Dashwood returned, pumping a lightweight track inspector’s handcar. Bell jumped on, and they started down the factory siding. Bell lent this strength to the slim Dashwood’s effort, and they were soon rolling at nearly twenty miles per hour. Rounding a bend, they saw smoke ahead, the source hidden by clapboard-sided warehouses. Around the next twist in the rail, they saw oily smoke rising into the clear blue sky.
“Faster!”
They raced between a leatherworks and an odoriferous slaughterhouse, and saw that the smoke was billowing from Platov’s shop car, which had stopped against the bumper that blocked the end of the rails. Flames were spouting from its windows, doors, and roof hatch. In the seconds it took Bell and Dashwood to reach it, the entire car was completely engulfed.
“Poor Mr. Platov,” Dashwood cried. “All his tools. . God, I hope he’s not inside.”
“Poor Mr. Platov,” Bell repeated grimly. A shop car filled with tanks of oil and gasoline burned hot and fast.
“Lucky the car wasn’t coupled to Mr. Stevens’s special,” said Dashwood.
“Very lucky,” Bell agreed.
“What is that smell?”
“Some poor devil roasting, I’m afraid.”
“Mr.
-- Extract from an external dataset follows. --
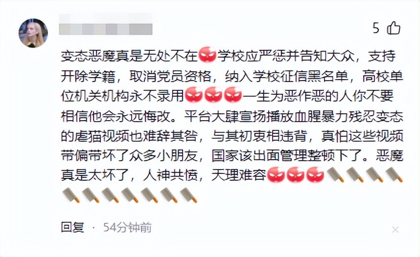 对于这样一个道德沦丧、嗜虐成性的人,很多网友直接要求以最严厉的处罚来惩治,甚至被开除也是罪有应得。
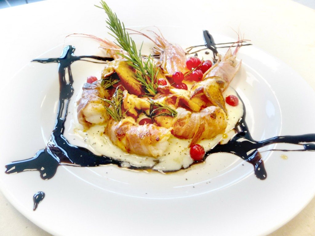 CORSO DI CUOCO | SECONDO PIATTO GAMBERI AL BACON E PORCINI SU MOUSSE DI PATATE E PORRI PROFUMATI AL RIBES DI CARLOTTA DELICATO DIPLOMATA CORSO DI CUOCO PROFESSIONISTA INGREDIENTI PER 4

Platov?”
“Who else?” asked Bell.
Horse-drawn fire engines came bouncing over the tracks. The firemen unrolled hoses to the river and engaged their steam pump. Powerful streams of water bored into the flames but to little effect. The fire quickly consumed the wooden sides and roof and floor of the rail car until there was nothing left but a mound of ash heaped between the steel trucks and iron wheels. When it was out, the fireman found the shriveled remains of a human body, its boots and clothes burned to a crisp.
Bell poked among the wet ashes.
Something gleaming caught his eye. He picked up a one-inch square of glass framed with brass. It was still warm. He turned it over his fingers. The brass had grooves on two edges. He showed it to Dashwood. “Faber-Castell engineering slide rule. . or what’s left of it.”
“Here comes Steve Stevens.”
The fast-flying cotton farmer waddled up, planted his hands on his hips, and glowered at the ashes.
“If this don’t beat all! Ah got a socialist red unionist creepin’ up on me. Every sentimental fool in the country is rootin’ for Josephine just ’cause she’s a gal. And now my high-paid mechanician goes and barbecues hisself. Who the heck is goin’ to keep my poor machine runnin’?”
Bell suggested, “Why don’t you ask the mechanicians Dmitri helped?”
“That’s the dumbest idea Ah ever heard. Even if that damn-fool Russian couldn’t synchronize my motors, nobody else knows how to fix my flying machine like him. Poor old machine might as well have burned up with him. He knew it inside and out. Without him, Ah’ll be lucky to make it across the New Mexico Territory.”
“It’s not a dumb idea,” said Josephine. Bell had noticed her glide up silently behind them on a bicycle she had borrowed somewhere. Stevens had not.
The startled fat man whirled around. “Where the heck did you come from? How long have you been listenin’?”
“Since you said they’re rooting for me because I’m a girl.”
“Well, darn it, it’s true, and you know it’s true.”
Josephine stared into the smoldering ruins of Platov’s shop car. “But Isaac is right. With Dmitri. . gone. . you need help.”
“Ah’ll get on fine. Don’t count me out ’cause I lost one mechanician.”